DATA SEGMENT
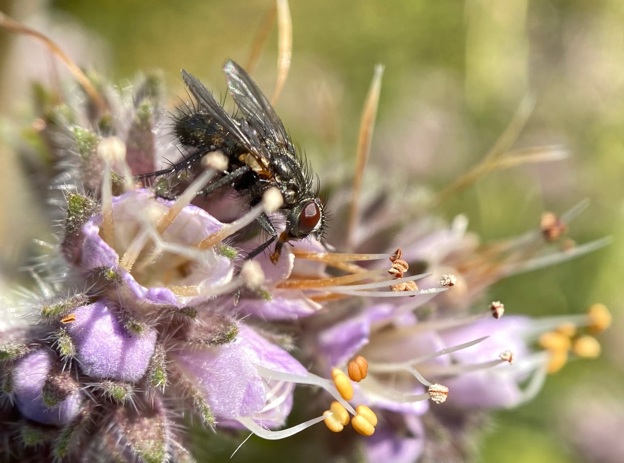 A Blow Fly, Bellardia sp.(family Calliphoridae) is roaming over an inflorescence of California Phacelia.
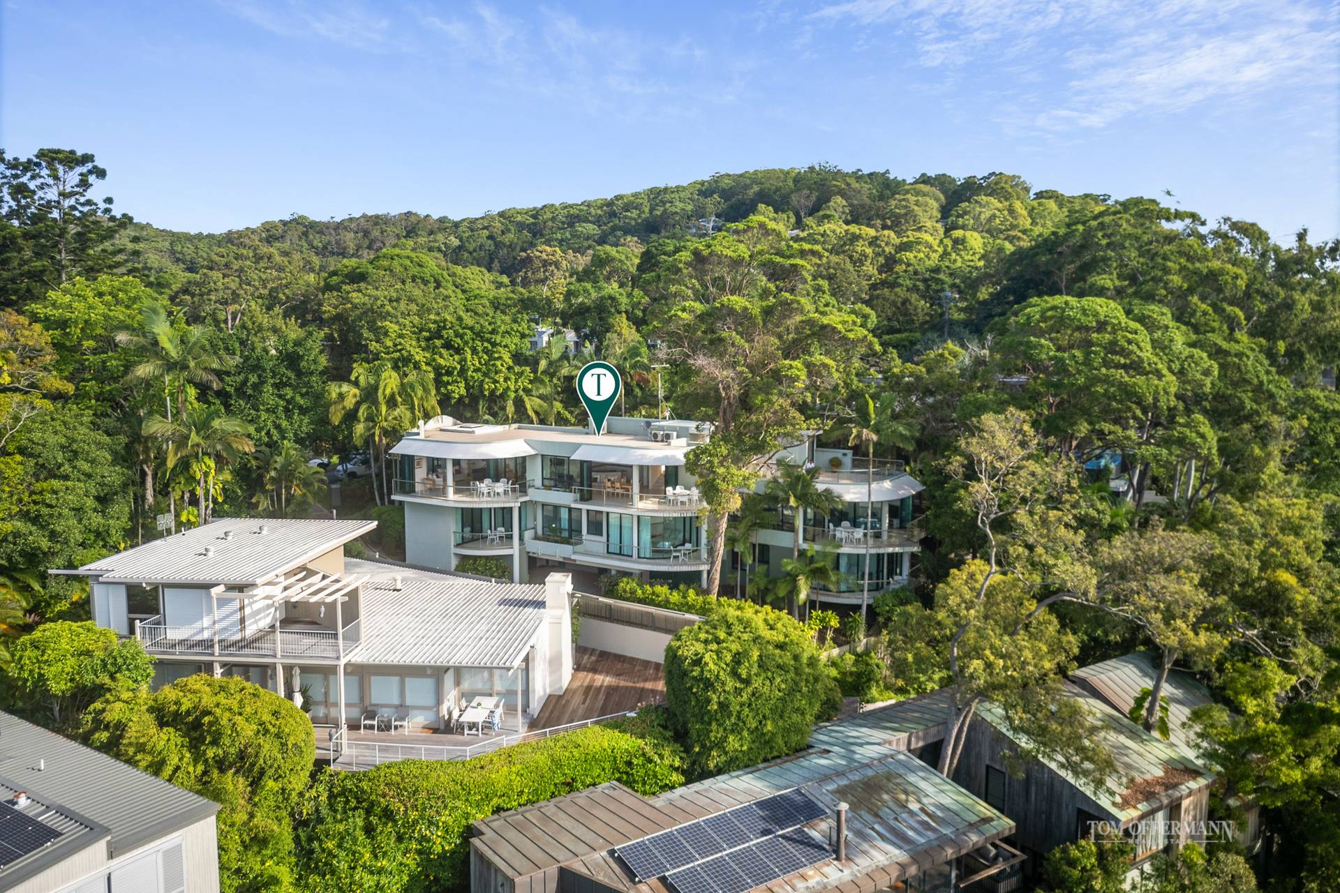 Picture irresistible Little Cove where the Coral Sea meets rainforest, albeit the forever verdant Noosa National Park with its world-class surf breaks. Feel the sea breeze and capture those unparalleled unobstructed views from an expansive rooftop entertaining terrace of the Bimbadeen residence, which is one of only ten properties on the coveted western side of Allambi Rise overlooking Laguna Bay.
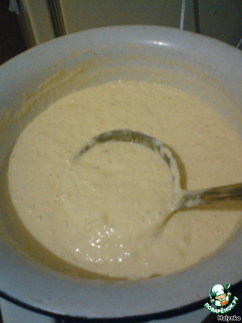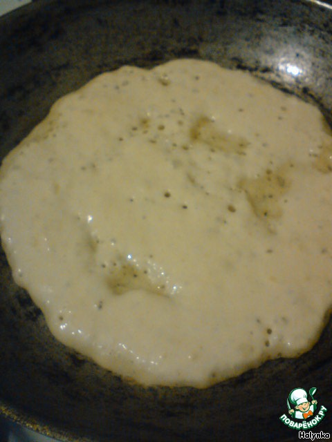 Теперь берем тесто поварешкой и наливаем на горячую сковородку с растительным маслом на дне.
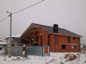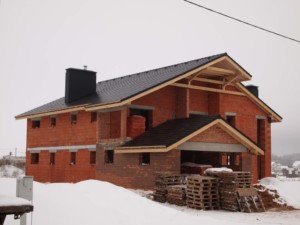 Кровля на жилом здании делалась с нуля. В качестве кровельного покрытия заказчик выбрал плоскую цементно-песчаная черепицу Braas, модель Тевива Cisar. Сложность монтажа черепицы заключается в расчете шага обрешетки и количества черепиц в ряду. Обшивку вентшахт произвели профнастилом с8 черного цвета. Работы проводились 2017г., на объекте работали 4 человека. Сроки выполнения кровельных работ – 1,5 мес.

WHAT YOU WILL DO
Print the whole listing above once more, word for word, without its pictures.

ANSWER SPACE
 A Blow Fly, Bellardia sp.(family Calliphoridae) is roaming over an inflorescence of California Phacelia.
 Picture irresistible Little Cove where the Coral Sea meets rainforest, albeit the forever verdant Noosa National Park with its world-class surf breaks. Feel the sea breeze and capture those unparalleled unobstructed views from an expansive rooftop entertaining terrace of the Bimbadeen residence, which is one of only ten properties on the coveted western side of Allambi Rise overlooking Laguna Bay.
 Теперь берем тесто поварешкой и наливаем на горячую сковородку с растительным маслом на дне.
 Кровля на жилом здании делалась с нуля. В качестве кровельного покрытия заказчик выбрал плоскую цементно-песчаная черепицу Braas, модель Тевива Cisar. Сложность монтажа черепицы заключается в расчете шага обрешетки и количества черепиц в ряду. Обшивку вентшахт произвели профнастилом с8 черного цвета. Работы проводились 2017г., на объекте работали 4 человека. Сроки выполнения кровельных работ – 1,5 мес.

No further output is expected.